____ DATA EXTRACT

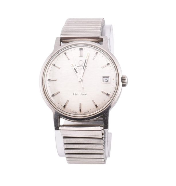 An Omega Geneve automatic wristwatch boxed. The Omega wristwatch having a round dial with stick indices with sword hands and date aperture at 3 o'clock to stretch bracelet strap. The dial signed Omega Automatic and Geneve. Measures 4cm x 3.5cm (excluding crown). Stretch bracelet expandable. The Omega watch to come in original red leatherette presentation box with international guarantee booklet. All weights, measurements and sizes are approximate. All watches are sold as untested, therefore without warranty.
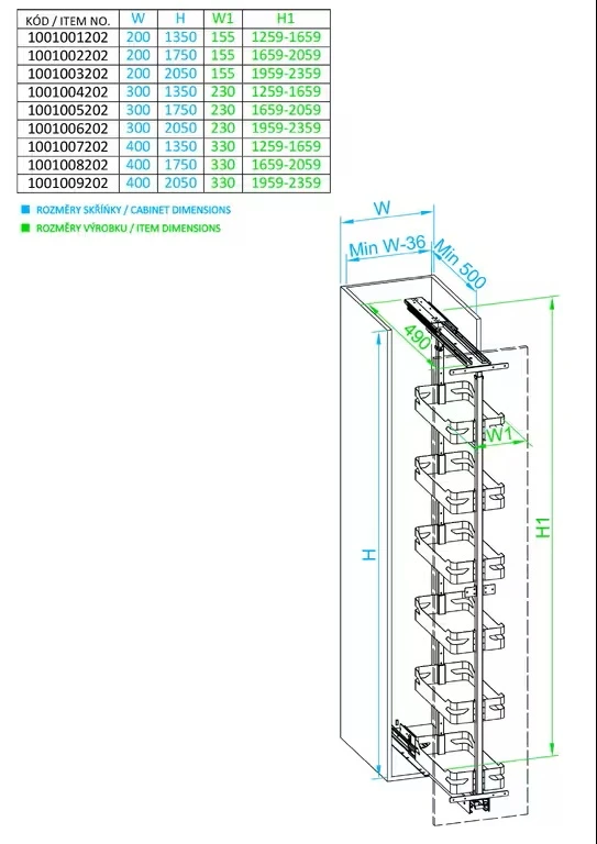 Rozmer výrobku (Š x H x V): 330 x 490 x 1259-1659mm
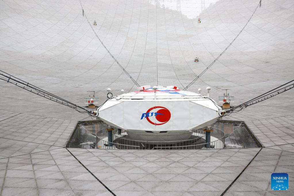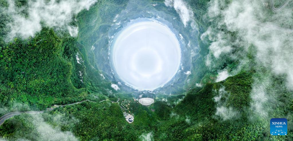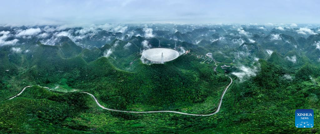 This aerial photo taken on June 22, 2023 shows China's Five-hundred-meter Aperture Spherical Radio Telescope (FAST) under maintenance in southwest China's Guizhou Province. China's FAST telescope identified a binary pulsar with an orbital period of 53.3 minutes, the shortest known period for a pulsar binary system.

________

▸ TASK TO CARRY OUT:
All of the data should be returned word for word, with each picture left out.

▸ TASK OUTPUT:
 An Omega Geneve automatic wristwatch boxed. The Omega wristwatch having a round dial with stick indices with sword hands and date aperture at 3 o'clock to stretch bracelet strap. The dial signed Omega Automatic and Geneve. Measures 4cm x 3.5cm (excluding crown). Stretch bracelet expandable. The Omega watch to come in original red leatherette presentation box with international guarantee booklet. All weights, measurements and sizes are approximate. All watches are sold as untested, therefore without warranty.
 Rozmer výrobku (Š x H x V): 330 x 490 x 1259-1659mm
 This aerial photo taken on June 22, 2023 shows China's Five-hundred-meter Aperture Spherical Radio Telescope (FAST) under maintenance in southwest China's Guizhou Province. China's FAST telescope identified a binary pulsar with an orbital period of 53.3 minutes, the shortest known period for a pulsar binary system.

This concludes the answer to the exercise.